DABS: A Domain Agnostic Benchmark for Self-Supervised Learning

This repository contains the code for DABS, a benchmark for domain-agnostic self-supervised learning algorithms. The basic components of the benchmark can be found in datasets, encoders, and algorithms. Training is implemented with the PyTorch Lightning framework, logging with Weights and Biases, and configuration management with Hydra.

Usage

We provide support for Python >= 3.7. Install requirements with

python -m pip install -r requirements.txt

For instructions on how to install PyTorch versions compatible with your CUDA versions, see pytorch.org.

Datasets

We provide a set of dataset implementations (in src/datasets) from image, text, speech, sensor, medical imaging, and image-text domains.

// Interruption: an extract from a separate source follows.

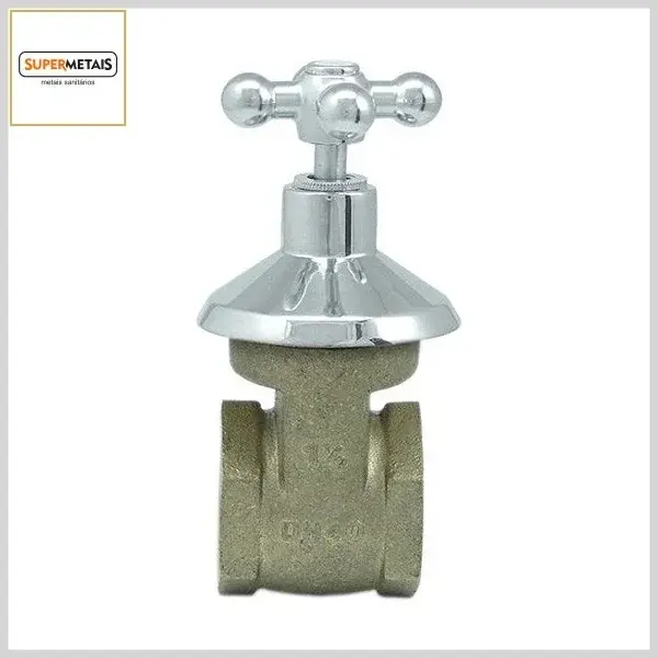 Produto com corpo metálico e volante com acabamento cromado, indicado para controle de fluxo de água quente ou fria em redes de distribuição e alimentação hidráulicas residenciais, comerciais ou industriais.

Preprocessing operations on these datasets are minimal and hard-coded as simple resizing (i.e. of images) and truncations (i.e. of text, audio). These should not be changed so as to maintain fair comparisons across other users of the benchmark.

See conf/datasets/*.yaml for all dataset configs, including the loss, metrics, and batch size used for each dataset.

Almost all datasets will download automatically when the dataset class is instantiated. The exceptions are the CheXpert, ImageNet, and CU Birds datasets, where manual registration or download is required. See the respective dataset files for specific instructions.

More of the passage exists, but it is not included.